EXERCISE DIRECTIONS
With the pictures left out, please write out exactly each line from the one containing "叮!本次考试到此结束!无论你" through the end of the material.

DATA BLOCK
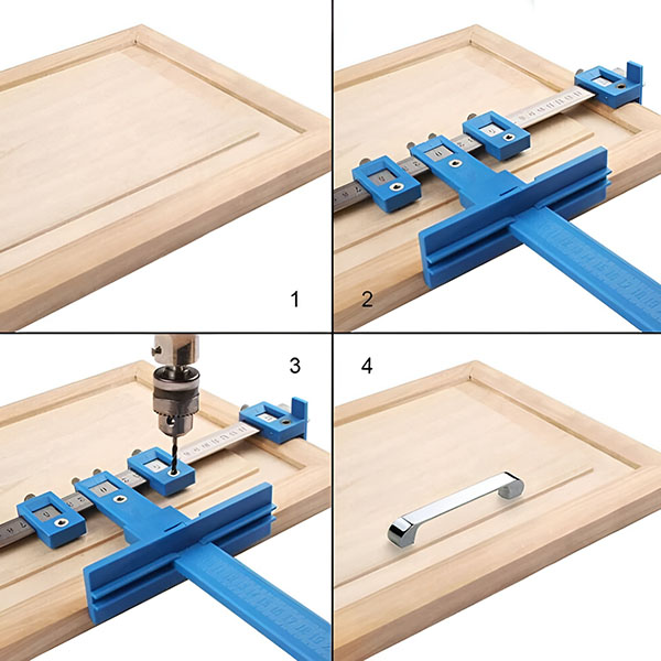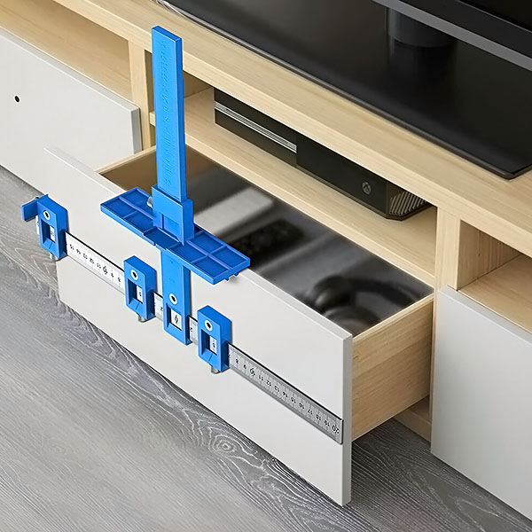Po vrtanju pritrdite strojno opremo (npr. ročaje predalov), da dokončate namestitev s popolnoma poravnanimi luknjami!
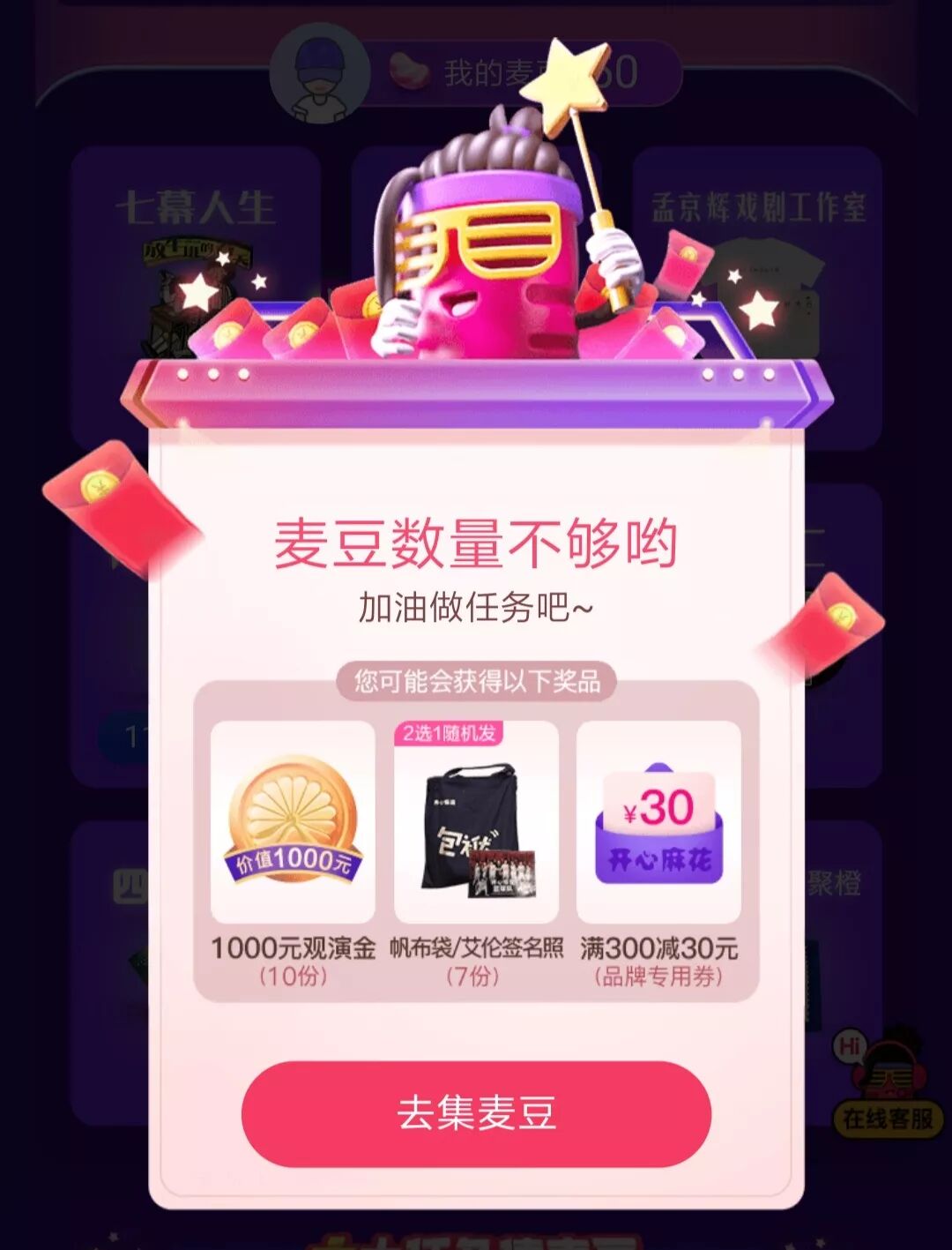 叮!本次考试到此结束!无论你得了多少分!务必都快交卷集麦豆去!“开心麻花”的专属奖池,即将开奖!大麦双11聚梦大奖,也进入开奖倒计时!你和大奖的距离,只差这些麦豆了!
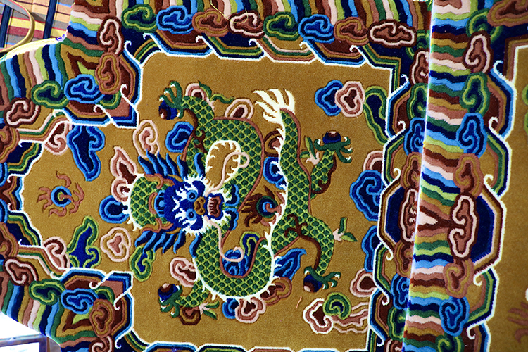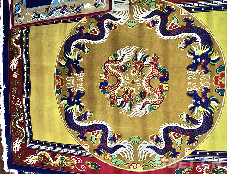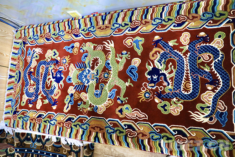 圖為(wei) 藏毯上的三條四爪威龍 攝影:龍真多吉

WRITTEN ANSWER
 叮!本次考试到此结束!无论你得了多少分!务必都快交卷集麦豆去!“开心麻花”的专属奖池,即将开奖!大麦双11聚梦大奖,也进入开奖倒计时!你和大奖的距离,只差这些麦豆了!
 圖為(wei) 藏毯上的三條四爪威龍 攝影:龍真多吉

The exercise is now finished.